Editor’s Comment: Lettuce pray
PUBLISHED: 10:56 20 February 2017 | UPDATED: 10:56 20 February 2017
“Put away your damned spiralizer and embrace the native veg that are in season instead.” In March’s issue, editor Mike Lowe asks us to embrace the local and seasonal produce on offer
Lettuce pray. Unusually bad weather across Europe appears to have launched the UK into a vegetable crisis. Salads are in short supply because of snow and storms in Spain and some supermarkets have resorted to rationing customers to just three iceberg lettuces per person and three heads of broccoli. It’s not a Brexit problem for once, although some have suggested that it wouldn’t have happened if we’d voted Romaine (sorry).
(You would have to question why people would want to buy three lettuces in midwinter anyway, but that’s another story, not unconnected with the daft desire to ‘detox’ in the New Year – a completely pointless exercise anyway. The human body already has a detox system built in: a liver to extract nutrients from food and a pair of kidneys to dispose of the waste matter. A month drinking green smoothies instead of tucking into bacon and eggs isn’t going to affect that in any way, apart from making the holier-than-thou faster feel vaguely superior if not a little stupid while making nutjob nutritionists and ‘clean eating’ advocates even richer.)
There is a wider issue here and that is the one of seasonality. Just because we can buy avocados and raspberries in February doesn’t mean that we should. And I’m infuriated by restaurants that trumpet their “locally-sourced ingredients” and then put asparagus on the menu in November. We know it’s not from Pershore, you nincompoops. At that time of year it’s from Peru, as even that famous native, the marmalade-munching Paddington Bear is aware.
The sad fact is that we import 50% of our vegetables and 90% of our fruit – a truly shocking statistic given that with a bit more care and a lot less greed we could be far more self-sufficient. And it’s us, the consumers, who are to blame. Yes, the big supermarkets might encourage you to gorge on Quality Street and mince pies throughout December, but it’s we (well not me, obviously) who demand courgettes and plastic bags of salad leaves (most of which we throw away) in the middle of grim midwinter. The sight of empty shelves might be a shock, but they’re teaching us an important lesson: put away your damned spiralizer and embrace the native veg that are in season instead.
Mind you, buying locally and with due regard to food miles isn’t always as easy as it might seem.

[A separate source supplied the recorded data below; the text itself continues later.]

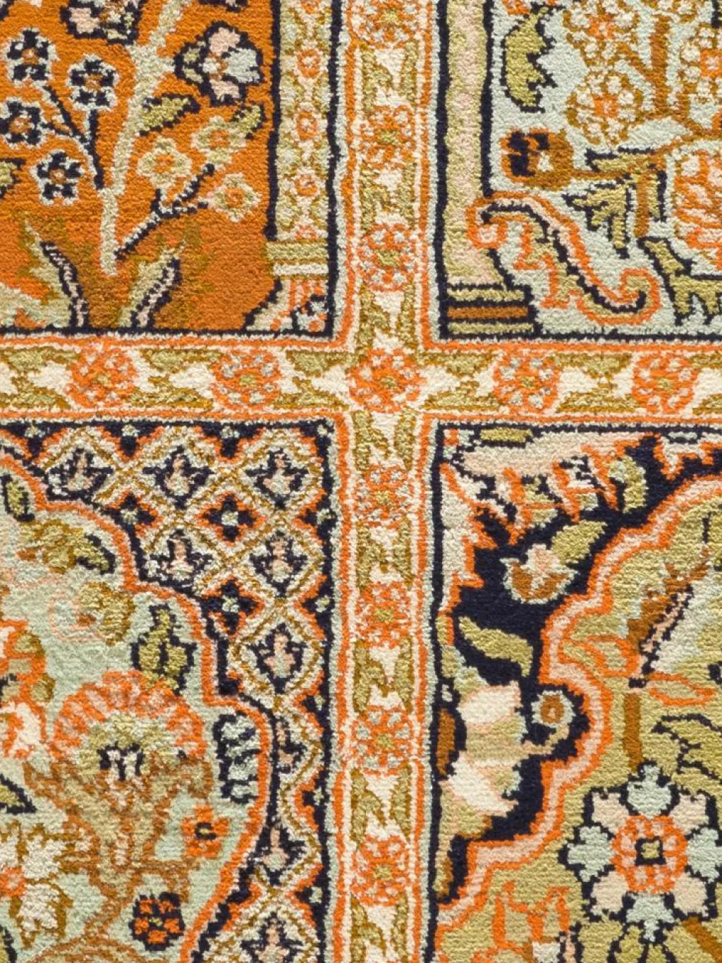 -Teppiche sind eher zurückhaltend, die Muster nach wie vor sehr stark persisch beeinflusst. Florale Motive und das persischeFeldermuster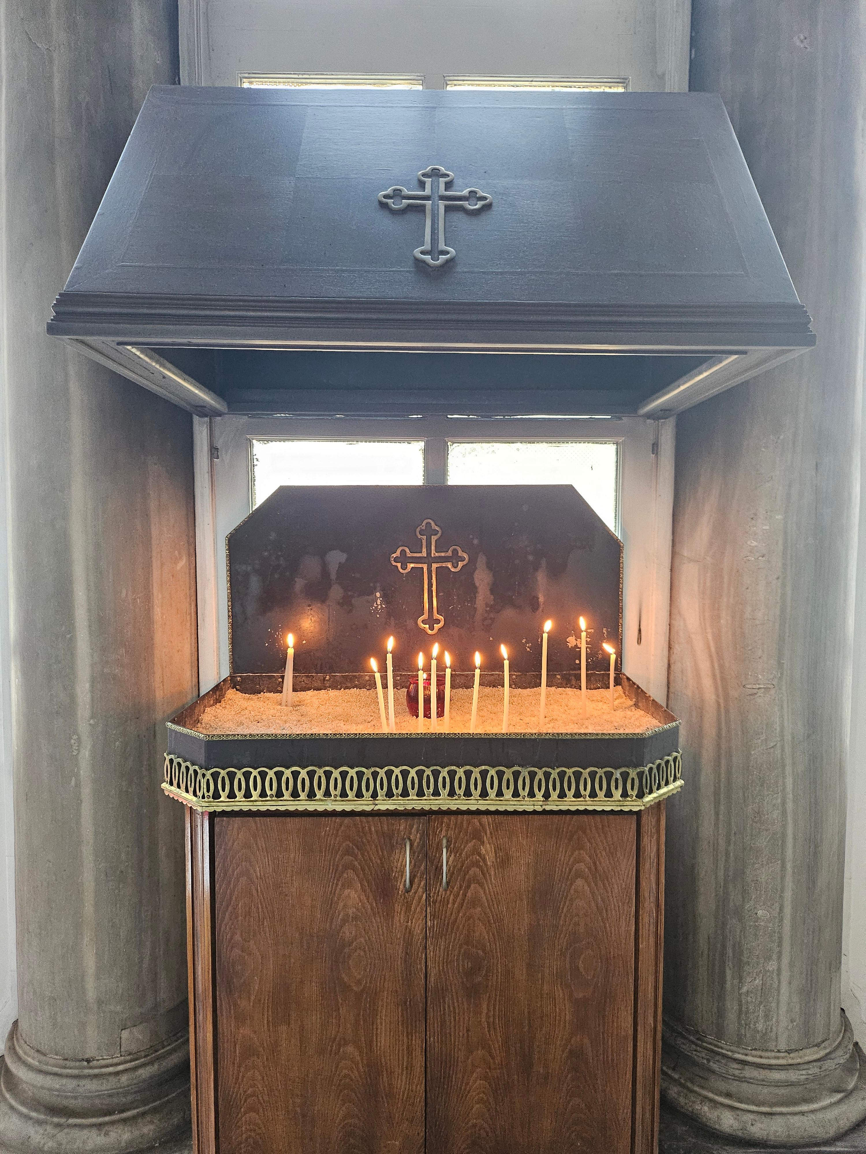 성당 입구를 열고 들어가면 이곳을 관리하는 사람이 머무는 장소와 더불어 초를 켜고 간단한 기도를 드릴 수 있는 공간이 있었습니다. 기도자가 원하는 만큼의 비용을 지불하고 초를 하나 사서 아래와 같이 십자가 앞에 불을 붙이고 기도를 할 수 있었습니다. 이니스도 가지고 있는 리라를 모금함에 넣고 불을 켠 뒤 가족의 행복과 안전한 해외출장이 될 수 있도록 기도를 드리고 다음 장소로 이동을 하였습니다.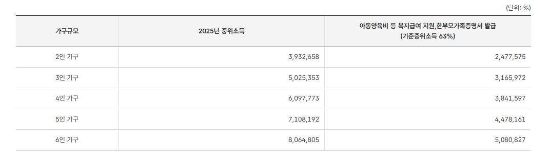 📊 한부모가족 소득 기준표
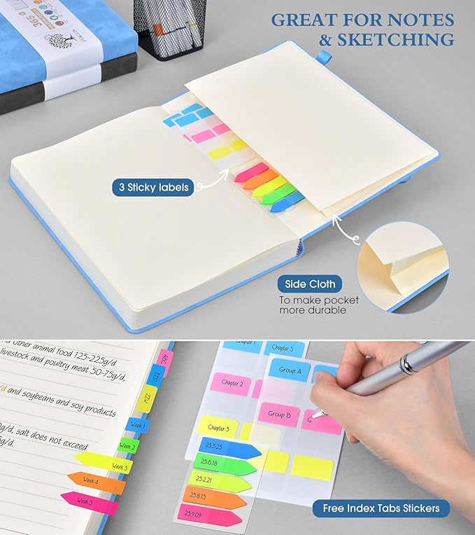 - 【180°Lay Flat for Writing】Our notebook also comes with 180°Lay Flat Journal Notebook, which makes writing a breeze. The elastic pen holder and bookmark ensure that you never lose track of your pen, and the 2 elastic closures ensure that your journal stays securely closed. The 3 colored ribbon bookmarks and 3 sticky labels provide even more ways to customize your journal to your liking.Built-in back pocket that is great for storing loose notes, cards, or other important items.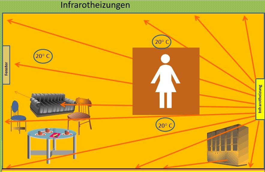 C) Infrarotheizungen sind Direktheizungen und werden auch Wärmewellenheizung genannt. Sie besitzen keine stromfressenden Heizspulen und verbrauchen bei gleicher Wärmelieferungen bis zu 70 % weniger Stromkosten gegenüber Elektroheizungen, beispielsweise Nachtspeicheröfen. Im Weltraum heizen Infrarotheizungen durch Elektronen-Reibungswärme. Die Wärme wird gleichmäßig im Raum verteilt und erreicht auch die Ecken von Wand und Decke. Überall ist die gleiche Temperatur.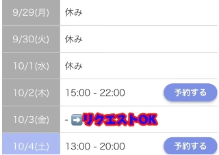 10/2(木)15:00-22:00(最終受付)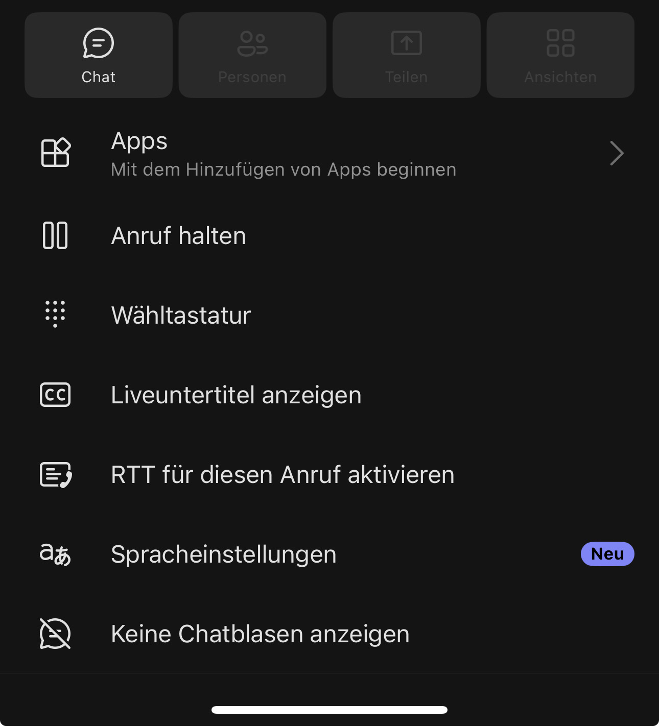 Diese ermöglichen es, Gespräche zu steuern, Inhalte zu teilen oder zusätzliche Optionen zu nutzen – alles übersichtlich in der unteren Bildschirmhälfte angeordnet.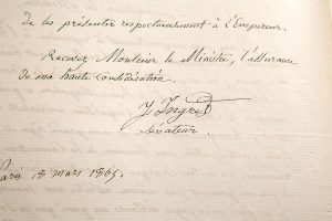 J'ai donc l'honneur Monsieur le Ministre de remettre à Votre Excellence ma démission de Membre de la Commission pour l'Exposition universelle de 1867»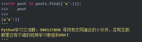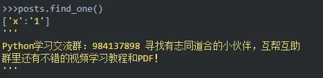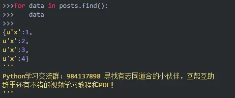 但用find_one()的方法只能获取一个数据,如果数据库中存在多个数据时,它返回的是第一个的值。你也可以通过ObjectId来请求数据,效果和上面是一样的。如果你想打印出全部数据,可以通过迭代的方式获取: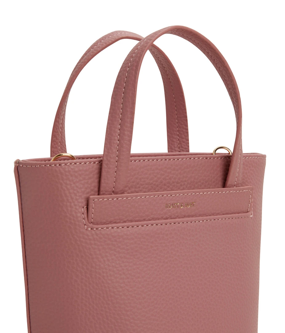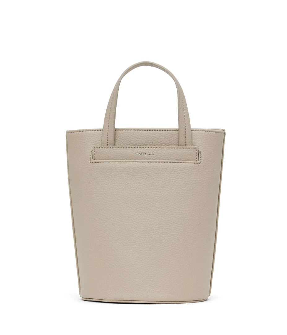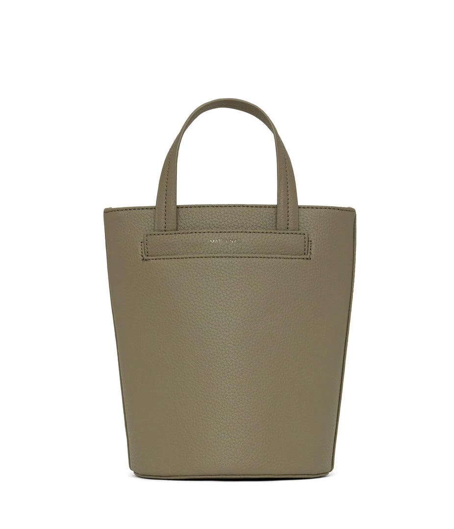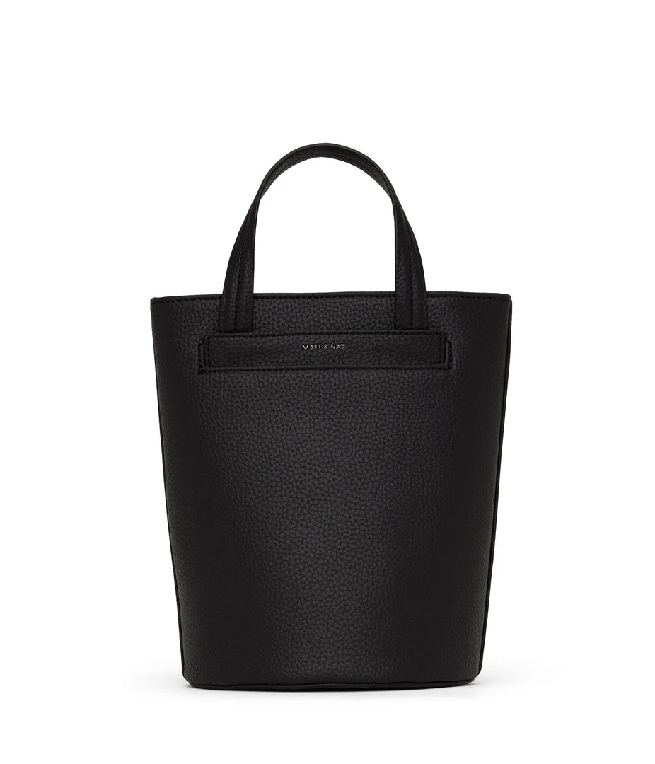 Bucket crossbody bag with zipper closure and exterior front slip pocket. Comes with a detachable and adjustable crossbody strap.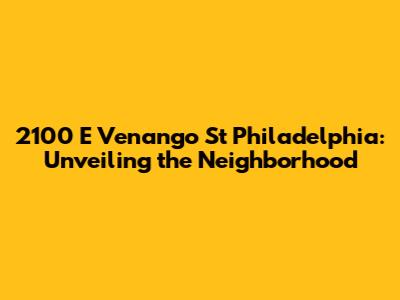 2100 E Venango St Philadelphia: A Neighborhood Deep Dive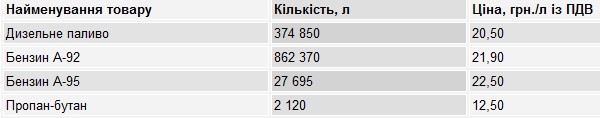На поточний рік замовили дизельне паливо по 20,50 грн./л, бензин А-92 по 21,90 грн./л, бензин А-95 по 22,50 грн./л, а також пропан-бутан по 12,50 грн./л.
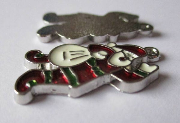 Een hangertje in de vorm van een kerstmannetje, gemaakt van zilverkleurig metaal met groen, rood en wit epoxy. De hanger is 23 x 12 mm groot.

It was this magazine that reported some years ago that the Duchy Original carrots we religiously bought from Waitrose in Cirencester hadn’t actually been dug up at Highgrove and rushed to the shelves within hours, but had instead been on a four-day journey to South Wales and back to be washed and packaged before hitting the shops. Definitely food for thought.
Working from home can often require a difficult balancing act. Conference calls have to be arranged around the dogs’ feeding time and there is always the Voice From Below to interrupt your train of thought with important news about a woodpecker in the garden or the lack of milk in the fridge.
One benefit, however, is not having to put up with the bad habits of your office colleagues (not that mine have any, honest). My rudimentary research seems to suggest that most of this offensive behaviour surrounds food and its consumption, with the lingering aroma of microwaved prawns wafting across the room now seen in British courts as justifiable mitigation for murder.
I would be interested to hear from you, our army of readers, about your own particular office-based hates. I suspect that we will return to this subject on a regular basis.